Energy Price Hedging
Con Edison’s subsidiaries hedge market price fluctuations associated with physical purchases and sales of electricity, natural gas, and steam by using derivative instruments including futures, forwards, basis swaps, options, transmission congestion contracts and financial transmission rights contracts. The fair values of these hedges at September 30, 2007 and December 31, 2006 were as follows:
Con Edison | Con Edison of New York | |||||||||||||||
(Millions of Dollars) | 2007 | 2006 | 2007 | 2006 | ||||||||||||
Fair value of net assets | $ | (182 | ) | $ | (319 | ) | $ | (113 | ) | $ | (206 | ) |
Credit Exposure
The Companies are exposed to credit risk related to transactions entered into primarily for the various energy supply and hedging activities by the Utilities and the competitive energy businesses. The Companies use credit policies to manage this risk, including an established credit approval process, monitoring of counterparty limits, netting provisions within agreements, collateral or prepayment arrangements, credit insurance and credit default swaps.
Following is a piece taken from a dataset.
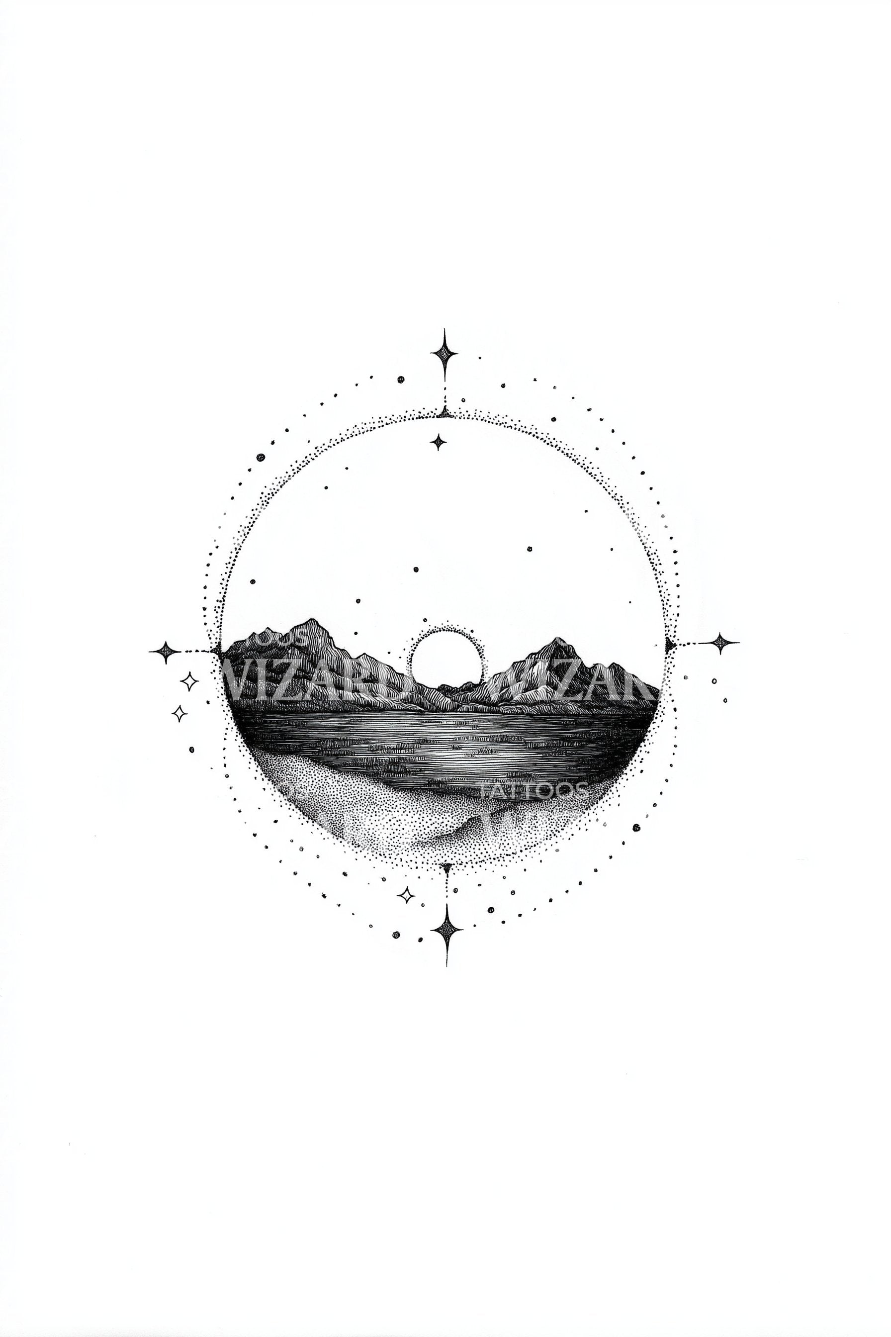 Quiet lines and fine dotwork frame a circular seascape: rippled ocean, distant mountains, a rising sun, and guiding stars. The circle speaks of wholeness and ongoing travel; the horizon, fresh beginnings; water, calm. Worn daily, it feels like a pocket compass, steadying breath and calling you onward, softly.

Con Edison and Con Edison of New York had $195 million and $49 million of credit exposure in connection with energy supply and hedging activities, net of collateral and reserves, at September 30, 2007, respectively. Con Edison’s net credit exposure consisted of $127 million with investment-grade counterparties (a portion of which is insured through credit insurance and hedged with credit default swaps), $63 million with commodity exchange brokers and $5 million with entities which lacked ratings or whose ratings were not investment grade. Con Edison of New York’s net credit exposure was primarily with commodity exchange brokers.
Cash Flow Hedges
Con Edison’s subsidiaries, primarily the competitive energy businesses prior to July 1, 2007, designated a portion of derivative instruments as cash flow hedges under SFAS No. 133, “Accounting for Derivative Instruments and Hedging Activities” (SFAS No. 133). Under cash flow hedge accounting, to the extent a hedge is determined to be “effective,” the unrealized gain or loss on the hedge is recorded in OCI and reclassified to earnings at the time the underlying transaction is completed. A gain or loss relating to any portion of the hedge determined to be “ineffective” is recognized in earnings in the period in which such determination is made. Con Edison’s competitive energy businesses elected to discontinue the use of hedge accounting for their commodity derivatives effective July 1, 2007.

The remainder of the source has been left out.